YOUR SOLIN GENERATED RECIPE
Smoky Salmon and Avocado Toast
Pan-seared salmon seasoned with smoky paprika served over creamy mashed avocado on toasted sprouted bread with a bright lemon-dill finish.
INGREDIENTS
6 oz salmon fillet
1 slice sprouted grain bread
0.25 whole avocado
1 tbsp plain Greek yogurt
1 tsp extra virgin olive oil
0.25 tsp smoked paprika
0.25 tsp sea salt
0.25 tsp black pepper
1 tsp fresh lemon juice
1 tsp fresh dill
PREPARATION
Pat the salmon fillet dry with a paper towel and season both sides with smoked paprika, sea salt, and black pepper.
Heat the extra virgin olive oil in a non-stick skillet over medium-high heat.

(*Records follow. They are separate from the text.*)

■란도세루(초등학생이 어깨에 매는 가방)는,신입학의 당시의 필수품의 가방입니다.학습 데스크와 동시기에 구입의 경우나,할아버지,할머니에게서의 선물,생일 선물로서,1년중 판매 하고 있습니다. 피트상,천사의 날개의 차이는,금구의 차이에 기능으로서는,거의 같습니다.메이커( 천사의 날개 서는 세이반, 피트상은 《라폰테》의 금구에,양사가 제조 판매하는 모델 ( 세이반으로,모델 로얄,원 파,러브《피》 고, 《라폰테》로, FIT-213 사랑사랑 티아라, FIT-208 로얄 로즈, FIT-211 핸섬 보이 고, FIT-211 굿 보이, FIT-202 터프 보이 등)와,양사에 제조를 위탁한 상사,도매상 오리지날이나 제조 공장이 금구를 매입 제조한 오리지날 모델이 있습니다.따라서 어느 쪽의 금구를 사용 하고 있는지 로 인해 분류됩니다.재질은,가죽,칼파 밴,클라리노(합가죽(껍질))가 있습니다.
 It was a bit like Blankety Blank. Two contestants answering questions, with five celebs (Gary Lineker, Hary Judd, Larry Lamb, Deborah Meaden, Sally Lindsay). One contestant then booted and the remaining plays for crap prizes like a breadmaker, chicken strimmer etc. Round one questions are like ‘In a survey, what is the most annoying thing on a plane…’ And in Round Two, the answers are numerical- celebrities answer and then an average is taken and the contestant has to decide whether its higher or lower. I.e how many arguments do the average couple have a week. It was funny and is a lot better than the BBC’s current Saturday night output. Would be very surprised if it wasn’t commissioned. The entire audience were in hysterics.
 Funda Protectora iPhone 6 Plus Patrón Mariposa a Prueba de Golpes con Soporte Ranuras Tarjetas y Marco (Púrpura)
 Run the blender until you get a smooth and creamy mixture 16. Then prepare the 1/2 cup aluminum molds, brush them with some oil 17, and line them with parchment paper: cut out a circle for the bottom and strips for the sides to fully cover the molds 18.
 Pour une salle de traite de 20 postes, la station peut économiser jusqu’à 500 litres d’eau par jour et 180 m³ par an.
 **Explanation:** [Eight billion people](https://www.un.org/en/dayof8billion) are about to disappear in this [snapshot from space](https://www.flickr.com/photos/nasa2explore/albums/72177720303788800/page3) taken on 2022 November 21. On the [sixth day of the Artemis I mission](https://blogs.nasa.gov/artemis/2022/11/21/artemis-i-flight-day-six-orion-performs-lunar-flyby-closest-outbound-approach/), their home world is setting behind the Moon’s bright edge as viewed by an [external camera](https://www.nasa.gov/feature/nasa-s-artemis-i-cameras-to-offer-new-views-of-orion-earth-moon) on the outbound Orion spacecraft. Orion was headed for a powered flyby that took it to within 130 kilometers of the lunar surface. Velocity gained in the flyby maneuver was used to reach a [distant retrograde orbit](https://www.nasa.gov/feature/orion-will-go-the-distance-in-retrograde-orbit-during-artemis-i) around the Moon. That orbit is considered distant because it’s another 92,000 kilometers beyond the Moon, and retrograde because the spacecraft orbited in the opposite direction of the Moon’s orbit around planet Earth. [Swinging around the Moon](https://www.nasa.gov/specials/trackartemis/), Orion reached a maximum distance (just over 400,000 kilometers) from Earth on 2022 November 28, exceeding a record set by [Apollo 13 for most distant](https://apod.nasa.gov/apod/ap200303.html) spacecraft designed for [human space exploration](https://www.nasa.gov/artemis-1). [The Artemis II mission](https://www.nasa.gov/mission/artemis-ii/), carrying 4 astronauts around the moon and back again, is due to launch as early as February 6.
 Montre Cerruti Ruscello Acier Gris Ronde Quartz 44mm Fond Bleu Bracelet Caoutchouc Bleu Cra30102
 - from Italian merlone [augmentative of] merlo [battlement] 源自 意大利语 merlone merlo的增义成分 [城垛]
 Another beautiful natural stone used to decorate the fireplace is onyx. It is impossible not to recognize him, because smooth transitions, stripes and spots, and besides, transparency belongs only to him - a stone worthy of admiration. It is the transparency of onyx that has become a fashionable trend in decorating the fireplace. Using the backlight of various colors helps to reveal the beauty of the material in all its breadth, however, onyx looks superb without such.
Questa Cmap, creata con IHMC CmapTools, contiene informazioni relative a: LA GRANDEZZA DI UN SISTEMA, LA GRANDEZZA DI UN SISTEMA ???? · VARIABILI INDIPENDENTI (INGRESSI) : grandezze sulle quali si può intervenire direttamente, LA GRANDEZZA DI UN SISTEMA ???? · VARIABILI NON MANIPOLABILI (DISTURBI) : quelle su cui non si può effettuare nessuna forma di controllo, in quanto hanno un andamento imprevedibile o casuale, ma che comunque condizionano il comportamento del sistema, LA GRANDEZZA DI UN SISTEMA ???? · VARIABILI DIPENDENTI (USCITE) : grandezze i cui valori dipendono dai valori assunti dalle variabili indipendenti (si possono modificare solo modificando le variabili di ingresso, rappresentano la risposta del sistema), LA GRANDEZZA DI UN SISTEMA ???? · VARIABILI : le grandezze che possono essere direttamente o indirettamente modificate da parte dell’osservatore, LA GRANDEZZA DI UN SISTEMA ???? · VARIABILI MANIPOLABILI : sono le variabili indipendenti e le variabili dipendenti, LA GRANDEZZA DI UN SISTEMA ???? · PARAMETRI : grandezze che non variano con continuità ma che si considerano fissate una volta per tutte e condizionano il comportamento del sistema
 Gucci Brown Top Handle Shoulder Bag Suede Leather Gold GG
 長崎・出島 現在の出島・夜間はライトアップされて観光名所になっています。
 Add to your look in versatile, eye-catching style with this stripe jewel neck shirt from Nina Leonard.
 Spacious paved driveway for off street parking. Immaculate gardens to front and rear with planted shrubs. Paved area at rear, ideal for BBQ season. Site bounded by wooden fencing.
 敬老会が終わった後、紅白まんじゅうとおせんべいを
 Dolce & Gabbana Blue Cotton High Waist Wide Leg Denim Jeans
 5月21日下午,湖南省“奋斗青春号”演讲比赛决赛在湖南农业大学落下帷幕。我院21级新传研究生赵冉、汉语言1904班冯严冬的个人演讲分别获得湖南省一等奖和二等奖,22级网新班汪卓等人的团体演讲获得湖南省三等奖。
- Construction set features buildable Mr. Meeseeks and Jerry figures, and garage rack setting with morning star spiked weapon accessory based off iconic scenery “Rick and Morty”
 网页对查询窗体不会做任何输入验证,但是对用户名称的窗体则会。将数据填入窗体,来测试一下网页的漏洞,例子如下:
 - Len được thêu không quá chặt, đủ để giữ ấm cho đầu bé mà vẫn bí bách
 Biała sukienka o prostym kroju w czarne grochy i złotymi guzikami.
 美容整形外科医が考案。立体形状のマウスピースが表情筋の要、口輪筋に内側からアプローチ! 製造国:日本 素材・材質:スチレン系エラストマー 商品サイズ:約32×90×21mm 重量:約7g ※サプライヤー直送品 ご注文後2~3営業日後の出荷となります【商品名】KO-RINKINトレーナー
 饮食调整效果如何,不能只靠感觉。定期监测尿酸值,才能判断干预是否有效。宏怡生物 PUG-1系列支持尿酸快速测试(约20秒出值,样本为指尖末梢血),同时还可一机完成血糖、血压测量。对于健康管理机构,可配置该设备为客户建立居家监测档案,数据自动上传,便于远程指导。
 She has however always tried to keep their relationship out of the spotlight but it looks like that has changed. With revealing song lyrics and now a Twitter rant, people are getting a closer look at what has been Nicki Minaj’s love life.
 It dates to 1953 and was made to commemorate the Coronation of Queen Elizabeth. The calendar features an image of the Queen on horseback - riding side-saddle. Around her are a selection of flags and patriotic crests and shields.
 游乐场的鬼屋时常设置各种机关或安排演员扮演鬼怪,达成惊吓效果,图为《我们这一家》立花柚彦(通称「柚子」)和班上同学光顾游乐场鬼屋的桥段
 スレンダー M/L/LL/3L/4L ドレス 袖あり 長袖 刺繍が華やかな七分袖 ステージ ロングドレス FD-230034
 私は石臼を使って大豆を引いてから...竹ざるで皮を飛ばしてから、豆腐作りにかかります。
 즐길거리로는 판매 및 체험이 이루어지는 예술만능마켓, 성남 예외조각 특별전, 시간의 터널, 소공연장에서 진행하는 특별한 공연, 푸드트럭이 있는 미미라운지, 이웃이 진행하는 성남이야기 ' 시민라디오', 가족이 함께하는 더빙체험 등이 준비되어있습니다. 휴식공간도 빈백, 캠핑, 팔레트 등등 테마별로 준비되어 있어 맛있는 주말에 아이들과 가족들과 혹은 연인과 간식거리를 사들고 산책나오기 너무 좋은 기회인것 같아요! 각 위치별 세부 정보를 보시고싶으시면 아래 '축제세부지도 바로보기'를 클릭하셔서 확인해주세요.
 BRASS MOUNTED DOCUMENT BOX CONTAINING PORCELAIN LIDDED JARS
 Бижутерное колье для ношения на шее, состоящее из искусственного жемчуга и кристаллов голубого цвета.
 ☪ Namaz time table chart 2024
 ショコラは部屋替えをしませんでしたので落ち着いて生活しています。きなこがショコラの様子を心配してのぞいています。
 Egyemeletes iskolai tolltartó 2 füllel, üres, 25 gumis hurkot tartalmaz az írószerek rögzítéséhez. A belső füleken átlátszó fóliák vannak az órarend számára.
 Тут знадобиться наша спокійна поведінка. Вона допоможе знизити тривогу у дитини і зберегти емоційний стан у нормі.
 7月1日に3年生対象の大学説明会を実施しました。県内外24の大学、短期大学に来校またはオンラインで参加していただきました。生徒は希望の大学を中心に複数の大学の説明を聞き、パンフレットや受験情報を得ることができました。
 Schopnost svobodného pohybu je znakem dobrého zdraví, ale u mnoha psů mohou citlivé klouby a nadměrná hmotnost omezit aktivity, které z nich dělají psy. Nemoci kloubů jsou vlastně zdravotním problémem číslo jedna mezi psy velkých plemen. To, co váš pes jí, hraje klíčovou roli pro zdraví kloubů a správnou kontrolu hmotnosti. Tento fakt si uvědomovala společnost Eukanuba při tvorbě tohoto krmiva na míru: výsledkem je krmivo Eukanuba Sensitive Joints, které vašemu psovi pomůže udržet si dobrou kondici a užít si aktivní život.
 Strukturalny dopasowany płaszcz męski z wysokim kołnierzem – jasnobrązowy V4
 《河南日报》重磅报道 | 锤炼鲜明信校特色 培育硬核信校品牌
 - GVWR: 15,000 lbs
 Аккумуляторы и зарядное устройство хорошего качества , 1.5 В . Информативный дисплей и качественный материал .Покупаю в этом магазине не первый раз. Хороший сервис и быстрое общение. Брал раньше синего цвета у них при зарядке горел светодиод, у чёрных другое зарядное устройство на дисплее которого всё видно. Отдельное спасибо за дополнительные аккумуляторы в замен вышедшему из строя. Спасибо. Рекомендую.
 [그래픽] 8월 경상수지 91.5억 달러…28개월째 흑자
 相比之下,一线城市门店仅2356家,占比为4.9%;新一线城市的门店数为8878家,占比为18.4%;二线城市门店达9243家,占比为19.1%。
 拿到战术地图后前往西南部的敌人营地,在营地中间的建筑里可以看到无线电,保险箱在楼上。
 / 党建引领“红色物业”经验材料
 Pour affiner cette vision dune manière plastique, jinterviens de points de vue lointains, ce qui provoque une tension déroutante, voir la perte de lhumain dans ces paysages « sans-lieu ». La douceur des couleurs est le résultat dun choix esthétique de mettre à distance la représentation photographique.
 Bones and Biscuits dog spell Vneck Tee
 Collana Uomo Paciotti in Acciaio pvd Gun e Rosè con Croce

Place the salmon in the skillet skin-side up and sear for 4-5 minutes, then flip and cook for another 3-4 minutes until the internal temperature reaches 145°F.
While the salmon cooks, toast the slice of sprouted grain bread until golden and crisp.
In a small bowl, mash the avocado with the Greek yogurt and lemon juice until mostly smooth.
Spread the avocado mixture onto the toast, top with the pan-seared salmon, and garnish with fresh dill.